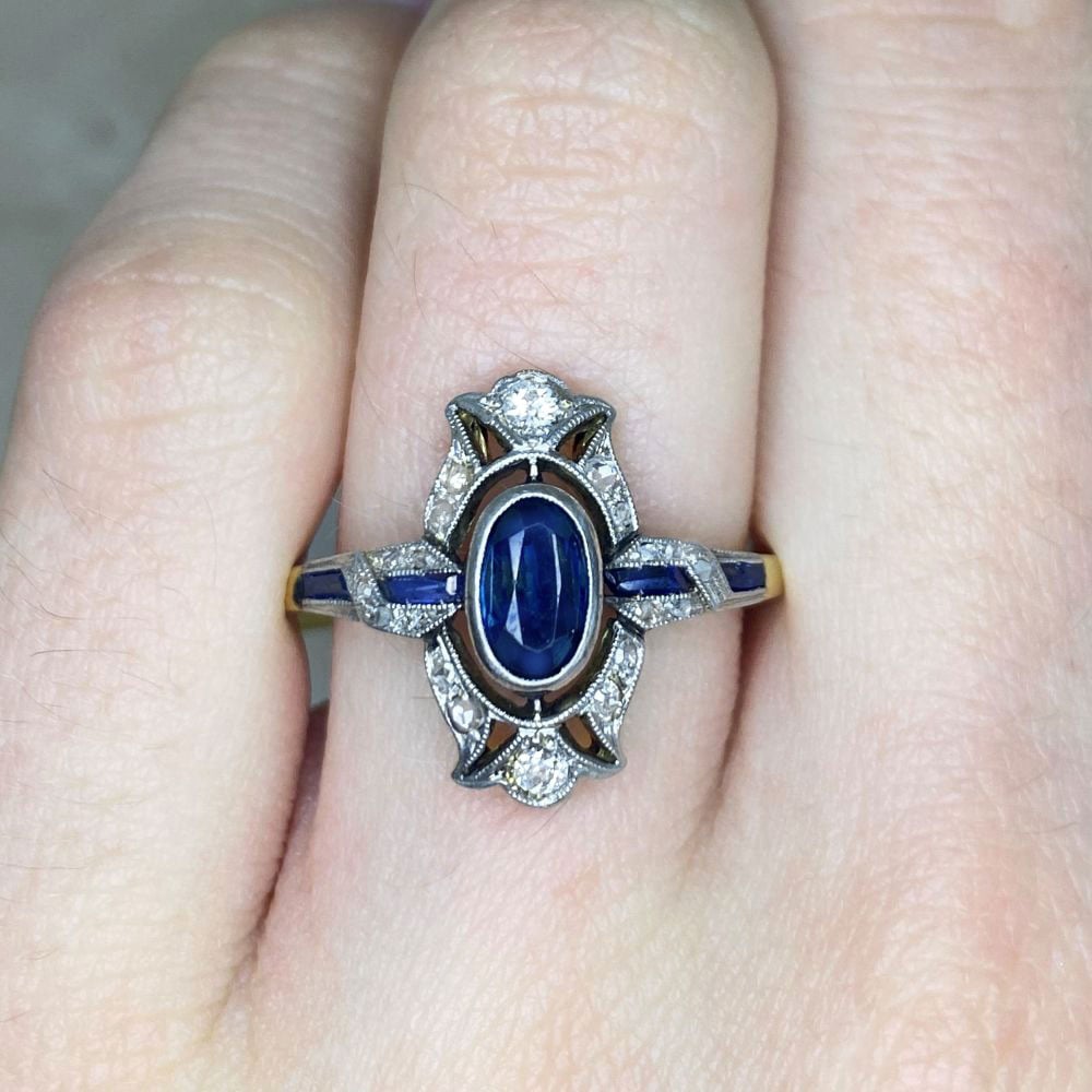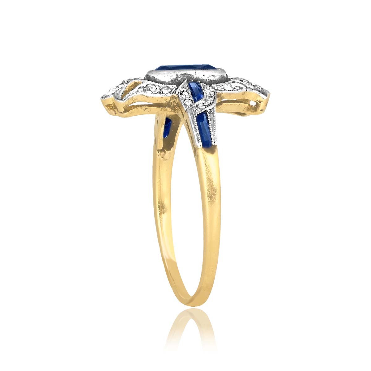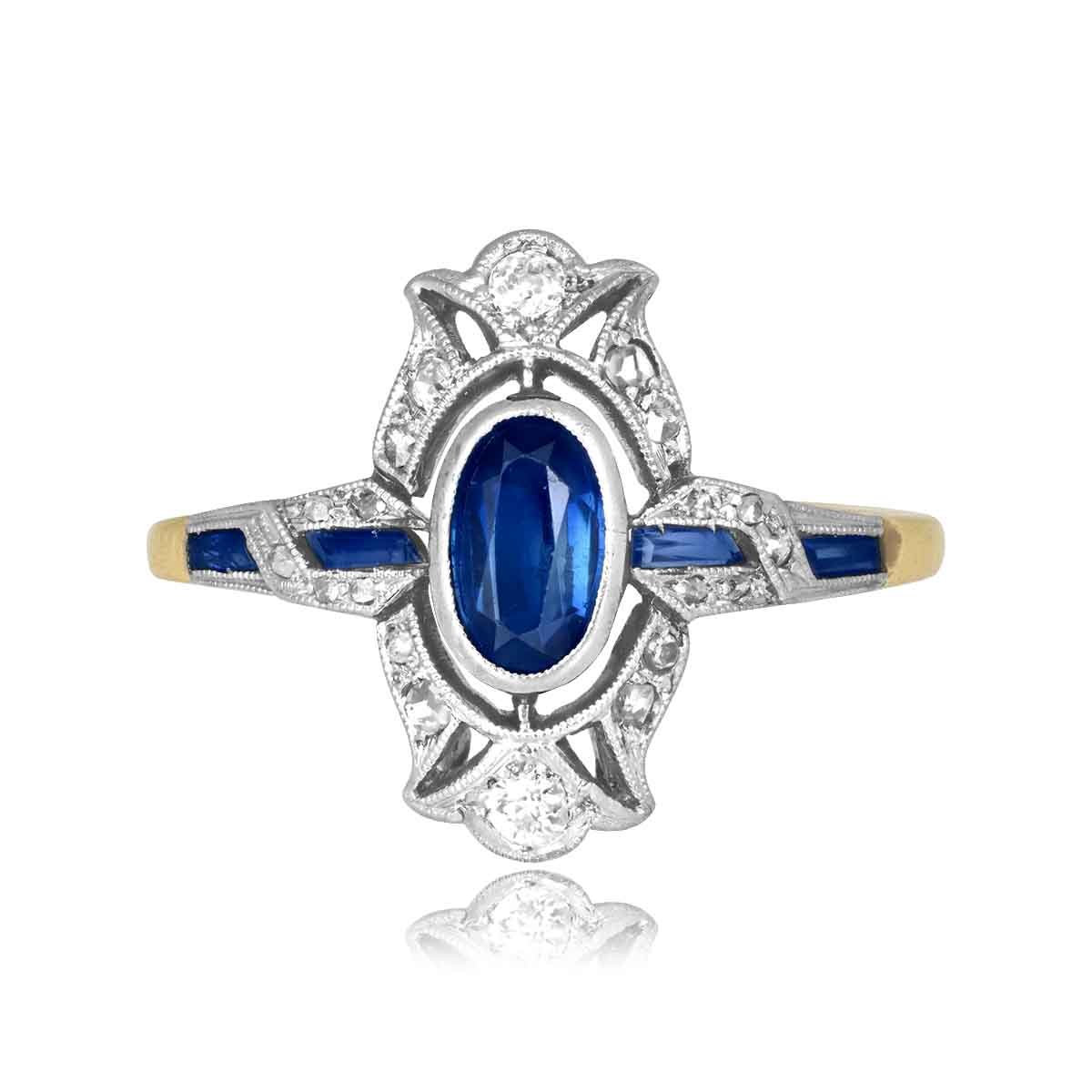 This Edwardian era ring centers an oval cut sapphire stone set in a bezel setting. Surrounding the sapphire stone is a filigree design adorned with diamond and sapphire stones. This ring was handcrafted in platinum on 18k yellow gold.
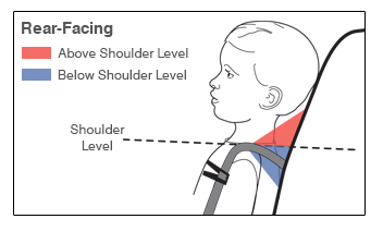 3b. In a rear-facing seat, the points where the straps are attached to the car seat should be at or below the shoulders of the child. This way, if the car is in a crash, the straps will prevent the child from sliding towards the front of the vehicle.
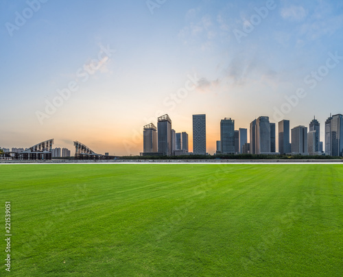Fototapeta premium green lawn with city skyline background
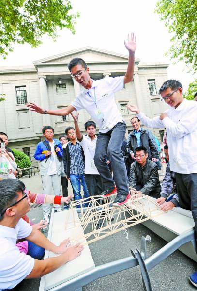 一名体重近70公斤的学生站在总共用50根细木条制作的一组桥梁结构模型上,展示模型的承重能力。
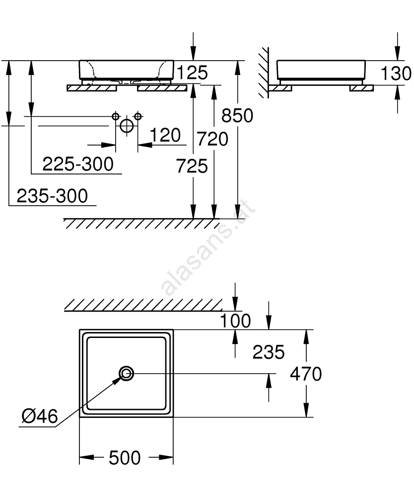• Maße 500 × 470 mm, ideal für unterschiedlich große Badezimmer.
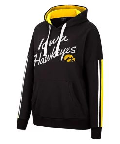 Ensure everyone knows the Iowa Hawkeyes are your favorite college team by wearing this Serena Oversized V-neck pullover hoodie from Colosseum. It features noticeable Iowa Hawkeyes graphics embroidered across the front and striping in coordinating colors on both sleeves. Cozy fleece lining also adds an extra layer of warmth and softness.
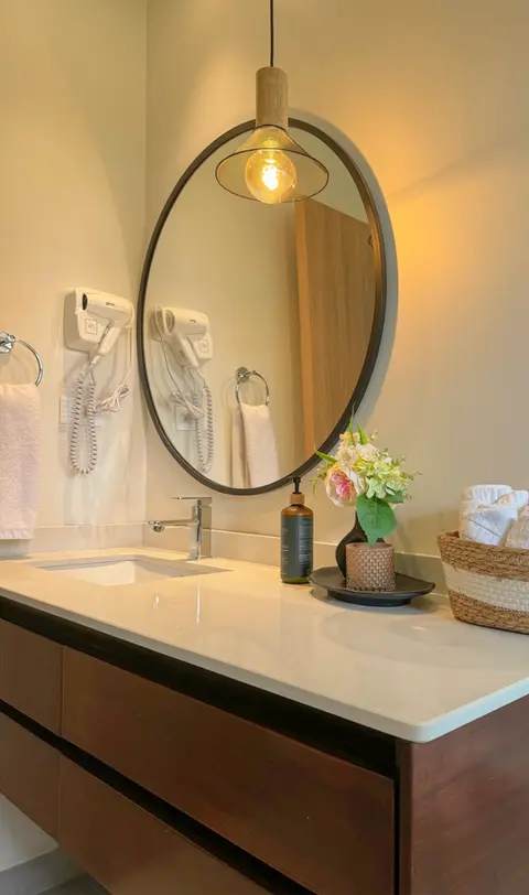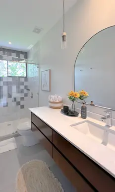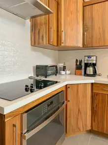 Outside on the covered terrace, you’ll find a bar with a big ice chest cooler, a sink, and 4 bar seats. There’s also a Kamado charcoal grill for spectacular tasting meat and veggies. Soak in the sun on the lounge chairs by the pool and cool off with a drink in the shade on the outdoor terrace sofas. For your convenience, there is an outdoor shower for an after-pool rinse, and a bathroom accessible from the pool and terrace area.
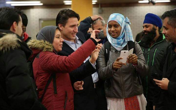 وجه رئيس الوزراء الكندي المنتخب، جاستن ترودو، التحية لسيدة مسلمة محجبة التقته قبل الانتخابات، وقال: “هناك آلاف القصص التي أريد أن أحكيها لكم، ولكن هناك قصة بالتحديد أود أن أشركم فيها. في الأسبوع الماضي التقيت في سانت كاثرين مع أم شابة ترتدي الحجاب، وقدمت لي ابنتها وقالت لي شيئا لن أنساه: أريد أن أصوت لكم حتى يكون لابنتي مستقبلا تختار فيه حقها وأن الحكومة ستحميها”.
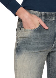 Balenciaga reworks classic denim proportions with a playful edge in these cropped capri pants, finished with plush faux fur cuffs. The flared silhouette and faded wash bring contrast and texture, pairing effortlessly with heels for elevated everyday styling.
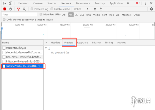 4、然后按F5或Ctrl+R 刷新页面,此时框出的第一个选项为视频(通常为数字加字母),第二个为字幕(subtitle?mid=***,如果视频有字幕的话)。
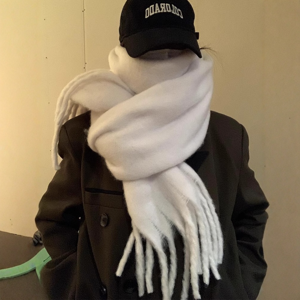 純色の厚いマフラーの女子学生は2024冬の新型韓国版ins冬の学生はマントを合わせて首の白色を囲みます。
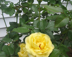 About Peter Mayle: Maryl, in my garden, Peter Mayle is not a "space-eater." In fact, it has been a rather narrow, vertical/upright bush and I've wished it would be a bit fuller on the sides. Maybe its narrowness is due to where I planted it--on the west side of my neighbor's garage (along the property line) stuffed between two bigger and more aggressive roses that maybe force Peter to grow vertically in order to get high enough to get his share of sunshine? Don't know.

+===+

* PROMPT: Through to the final line, copy the material above exactly and skip the images.

* EXERCISE RESULT:
 This Edwardian era ring centers an oval cut sapphire stone set in a bezel setting. Surrounding the sapphire stone is a filigree design adorned with diamond and sapphire stones. This ring was handcrafted in platinum on 18k yellow gold.
 3b. In a rear-facing seat, the points where the straps are attached to the car seat should be at or below the shoulders of the child. This way, if the car is in a crash, the straps will prevent the child from sliding towards the front of the vehicle.
Fototapeta premium green lawn with city skyline background
 一名体重近70公斤的学生站在总共用50根细木条制作的一组桥梁结构模型上,展示模型的承重能力。
• Maße 500 × 470 mm, ideal für unterschiedlich große Badezimmer.
 Ensure everyone knows the Iowa Hawkeyes are your favorite college team by wearing this Serena Oversized V-neck pullover hoodie from Colosseum. It features noticeable Iowa Hawkeyes graphics embroidered across the front and striping in coordinating colors on both sleeves. Cozy fleece lining also adds an extra layer of warmth and softness.
 Outside on the covered terrace, you’ll find a bar with a big ice chest cooler, a sink, and 4 bar seats. There’s also a Kamado charcoal grill for spectacular tasting meat and veggies. Soak in the sun on the lounge chairs by the pool and cool off with a drink in the shade on the outdoor terrace sofas. For your convenience, there is an outdoor shower for an after-pool rinse, and a bathroom accessible from the pool and terrace area.
 وجه رئيس الوزراء الكندي المنتخب، جاستن ترودو، التحية لسيدة مسلمة محجبة التقته قبل الانتخابات، وقال: “هناك آلاف القصص التي أريد أن أحكيها لكم، ولكن هناك قصة بالتحديد أود أن أشركم فيها. في الأسبوع الماضي التقيت في سانت كاثرين مع أم شابة ترتدي الحجاب، وقدمت لي ابنتها وقالت لي شيئا لن أنساه: أريد أن أصوت لكم حتى يكون لابنتي مستقبلا تختار فيه حقها وأن الحكومة ستحميها”.
 Balenciaga reworks classic denim proportions with a playful edge in these cropped capri pants, finished with plush faux fur cuffs. The flared silhouette and faded wash bring contrast and texture, pairing effortlessly with heels for elevated everyday styling.
 4、然后按F5或Ctrl+R 刷新页面,此时框出的第一个选项为视频(通常为数字加字母),第二个为字幕(subtitle?mid=***,如果视频有字幕的话)。
 純色の厚いマフラーの女子学生は2024冬の新型韓国版ins冬の学生はマントを合わせて首の白色を囲みます。
 About Peter Mayle: Maryl, in my garden, Peter Mayle is not a "space-eater." In fact, it has been a rather narrow, vertical/upright bush and I've wished it would be a bit fuller on the sides. Maybe its narrowness is due to where I planted it--on the west side of my neighbor's garage (along the property line) stuffed between two bigger and more aggressive roses that maybe force Peter to grow vertically in order to get high enough to get his share of sunshine? Don't know.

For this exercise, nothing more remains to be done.